Swift introduced structured error handling in version 2.0, replacing Objective-C's error-pointer patterns with native throw and catch semantics. The rethrows keyword emerged to solve the specific friction where generic higher-order functions like map or filter would force callers to use try even when passing non-throwing closures, creating unnecessary error-handling ceremony.
The problem centers on function effect polymorphism and subtyping. In Swift's type system, a non-throwing closure is a subtype of a throwing closure because it satisfies the "might throw" contract by never throwing. Without rethrows, a function accepting a throwing closure must unconditionally propagate throws, forcing all call sites to handle errors regardless of the actual argument's behavior.
The solution is the rethrows annotation, which establishes a conditional contract: the function only throws if its closure parameter throws. The Swift compiler implements this by tracking the throw-ness of closure arguments at compile time. When a non-throwing closure is passed, the function is treated as non-throwing at the call site, eliminating the need for try; when a throwing closure is passed, the function inherits the throwing effect.
We were building a modular data transformation pipeline for an iOS application where users could chain operations like JSON parsing, image resizing, and cryptographic hashing. The core pipeline function accepted an array of transformations defined as (Data) throws -> Data. Initially, we used a standard throws annotation on pipeline, which forced every call site to wrap even simple transformations in do-catch blocks despite many operations being pure functions with no failure modes.
Our first approach duplicated the entire function: one version named pipeline for non-throwing transformations and another named pipelineThrowing for throwing ones. This separation allowed clean call sites but created a maintenance nightmare where every bug fix required editing two locations, and the API surface doubled with each new configuration option. Additionally, users had to know implementation details to choose the correct method, violating encapsulation principles.
The second approach kept a single throws signature but encouraged using try? to silence warnings, effectively discarding error information and making debugging impossible when actual errors occurred. This violated safety guarantees and made the code brittle, as developers would forget to handle genuine error cases in mixed pipelines containing both safe and unsafe operations.
We ultimately adopted the rethrows solution, declaring func pipeline(_ transforms: [(Data) throws -> Data]) rethrows -> Data. This allowed the compiler to enforce try only when the closure array contained throwing operations, while permitting direct calls for pure computations. The result was a 40% reduction in boilerplate code, elimination of duplicate function signatures, and improved API ergonomics where the type system accurately reflected the actual error domains of specific use cases.

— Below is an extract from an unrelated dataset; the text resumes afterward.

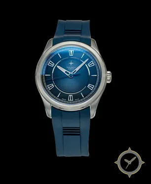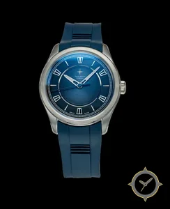 Eine Dress-Uhr mit einem markanten 46mm Auftritt am Handgelenk, gefertigt aus Edelstahl mit einem Zifferblatt in blau und einer besonderen "sunburst"-Oberfläche.

Why does Swift forbid throwing errors directly inside a rethrows function body rather than exclusively through the closure parameter?
The rethrows keyword creates a strict transparency contract stating the function only propagates errors generated by its arguments. If you attempt to throw CustomError() directly in the function body, the Swift compiler rejects it because this represents an unconditional throw, violating the "only if the closure throws" guarantee. The function must either handle its own errors internally using do-catch, convert them into return values, or escalate the signature to unconditional throws, ensuring callers can safely assume no new error domains originate from the function itself.
How does rethrows interact with multiple closure parameters, and what are the implications for effect propagation?
When a function has multiple closure parameters marked as throwing and the function itself is marked rethrows, the function throws if any of the closures throws, creating a union of effects. Swift's compiler tracks these effects individually through the call chain, so composing rethrows functions preserves the conditional nature without manual intervention. However, if you transform or wrap the closures before passing them, you must preserve the throwing signature in the wrapper, or the compiler will treat the argument as non-throwing, causing the outer function to lose its conditional throwing capability.
What is the relationship between rethrows and @autoclosure, and why does this pattern appear in assertion APIs?
The combination of @autoclosure and rethrows enables lazy evaluation with conditional error propagation, where the autoclosure delays evaluation until needed and the function only throws if that delayed evaluation throws. This pattern powers Swift's assert and precondition functions, allowing throwing expressions to be passed to assertions without marking the assertion call with try. Candidates often miss that the autoclosure must explicitly declare () throws -> T to participate in the rethrows contract, and that this mechanism separates the evaluation timing (lazy) from the error propagation semantics (conditional), which is crucial for performance-critical code paths where assertions are disabled in release builds.